### EXERCISE PROMPT
Retype the opening lines of the listing below, ending with the line that contains "Item Code |", and leave out any pictures.

=== Begin Enclosure ===

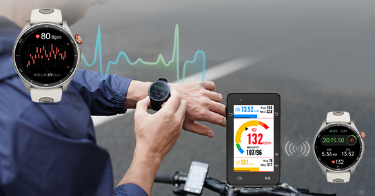 支持蓝牙心率推送, 运动中过高过低随时提醒。
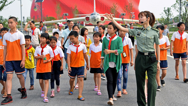 江西省宜丰县澄塘中心小学的留守儿童参观南昌军事装备展示中心,让孩子们了解国防科技知识,接受爱国主义教育。
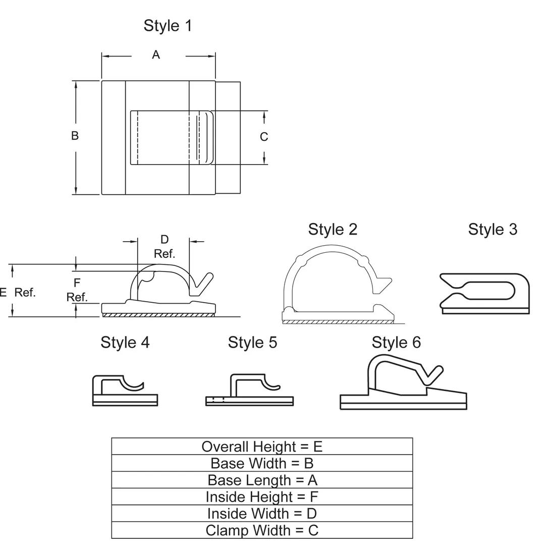 Item Code | Color | Inside Height | Accessory Type | Material | Overall Width | Overall Length | Base Width | Overall Height | Inside Width | Material Flammability Standard | Mounting Method | Inside Length | Maximum Compatible Cable Diameter | Base Length | Cord Holder Width | Adjustability | Adhesive Material | Base Material | Depth | Fitting Style | Height | Clip Width | Saddle Type | Base Height | Clamp Height | Adhesive Type | Design | Type | Maximum Material Thickness | Request Quote |
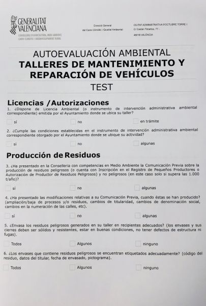 Hace unos días, envíamos a nuestros asociados otra herramienta de autoevaluación que ha puesto la Consellería a disposición de los talleres de vehículos para conocer su situación EXCLUSIVAMENTE respecto a las obligaciones medioambientales. ES SÓLO PARA INFORMACIÓN, NO HAY QUE COMPLETARLA NI REMITIRLA. Pueden descargarla en el enlace.
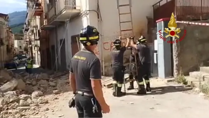 Lamezia Terme INTERVENTO DEI VIGILI DEL FUOCO PER IL CROLLO DELLA FACCIATA DI UN EDIFICIO: NESSUNA PERSONA CONVOLTA
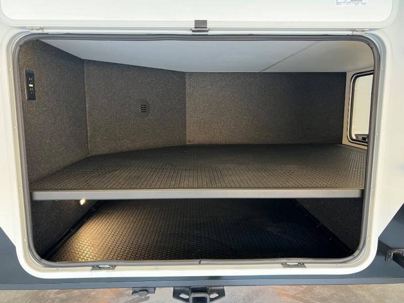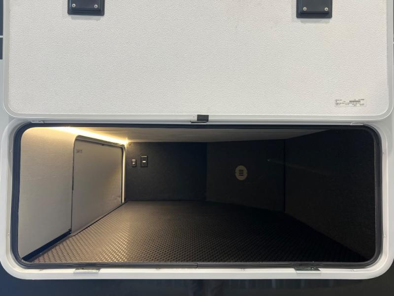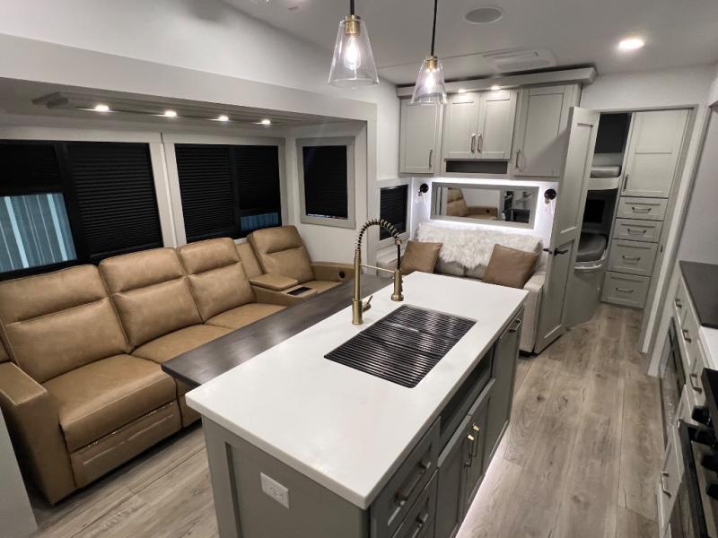 The perfect unit for your larger family, this Model Z can sleep eight! Step inside and find a wide open combined kitchen and living room. There is a large slide out theater seat with two recliners and seating for four, plus a 60" tri-fold sofa, and a televator and fireplace in the appliance slide along the roadside. The center island features dual trash bins and stow & go paper towel holder, a large sink, and even dog bowls for your favorite furry friend. A 16 cu. ft. refrigerator will house all of your perishables, and you will also have an 84" pantry with adjustable shelves for all of your dry goods and snacks. Head up the steps to your right, just inside the entry, to find a private master bedroom and bath at the end of the hall. Here you will find a queen bed, slide out wardrobe with a dresser, and the bathroom vanity. A large 30" x 42" shower will welcome you each morning or night to keep clean and refreshed. At the very back of the unit, guests will enjoy a private bunkhouse with 54" x 74" bunk beds, a TV, and wardrobe with drawers beneath. The outside features over 160 cu. ft. of exterior storage with mid-coach pass-through and exterior storage access, plus two awnings for added outdoor living.
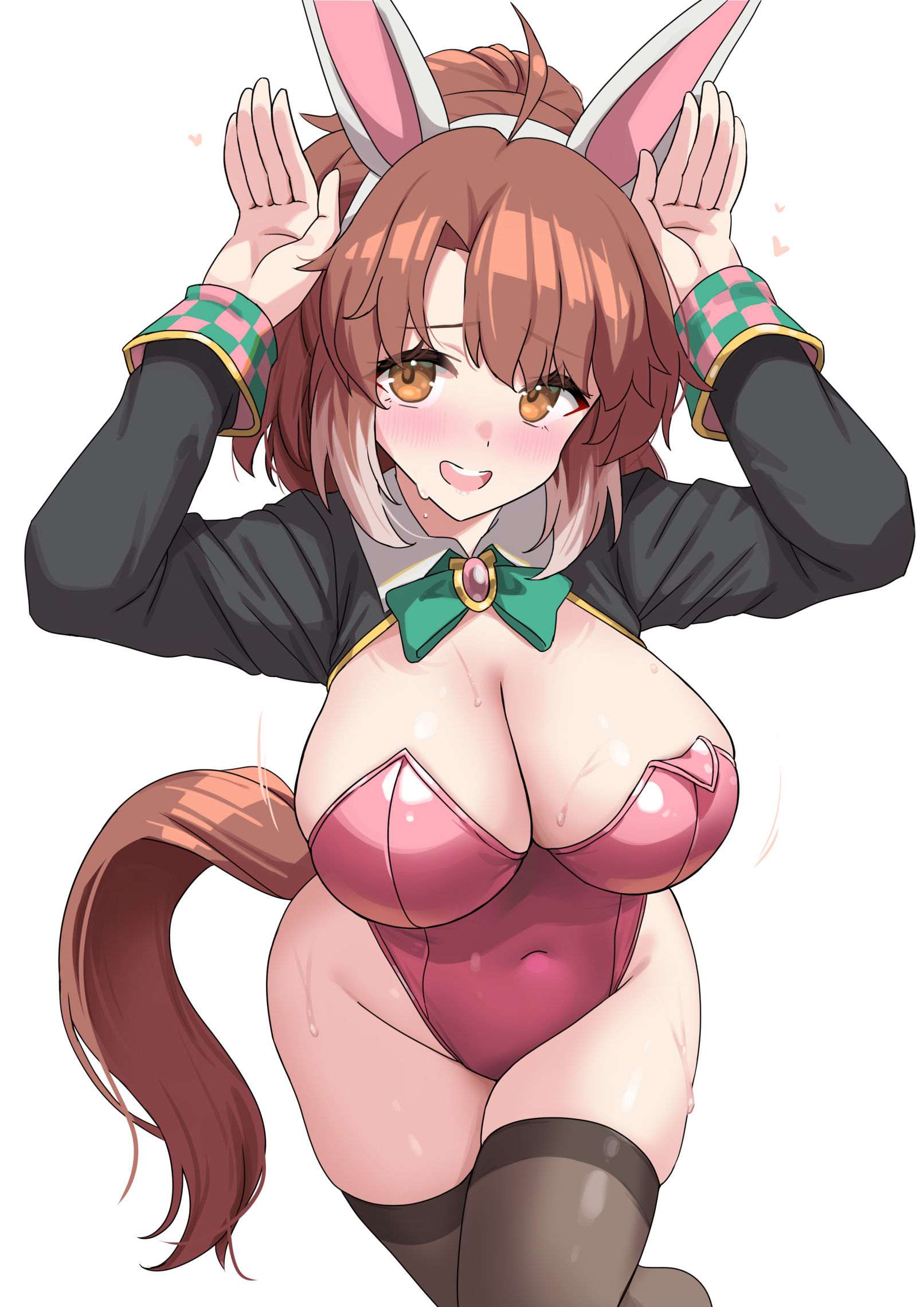 1girlalternate costumeanimal ear hairbandanimal earsarms upblack shrugblack thighhighsblushbowbowtiebreastsbrown eyesbrown hairbrown tailcleavagecowboy shotfake animal earsgreen bowgreen bowtiehairbandhighleghighleg leotardhorse earshorse girlhorse taillarge breastsleaning forwardleotardlong hairlooking at viewernervous smileopen mouthpink leotardrabbit ear hairbandrabbit earsshrug (clothing)simple backgroundskindentationsmilesolostraplessstrapless leotardsweattailthighhighsthighswhite backgroundwhite streaks

=== End Enclosure ===

### SOLVED EXERCISE
 支持蓝牙心率推送, 运动中过高过低随时提醒。
 江西省宜丰县澄塘中心小学的留守儿童参观南昌军事装备展示中心,让孩子们了解国防科技知识,接受爱国主义教育。
 Item Code | Color | Inside Height | Accessory Type | Material | Overall Width | Overall Length | Base Width | Overall Height | Inside Width | Material Flammability Standard | Mounting Method | Inside Length | Maximum Compatible Cable Diameter | Base Length | Cord Holder Width | Adjustability | Adhesive Material | Base Material | Depth | Fitting Style | Height | Clip Width | Saddle Type | Base Height | Clamp Height | Adhesive Type | Design | Type | Maximum Material Thickness | Request Quote |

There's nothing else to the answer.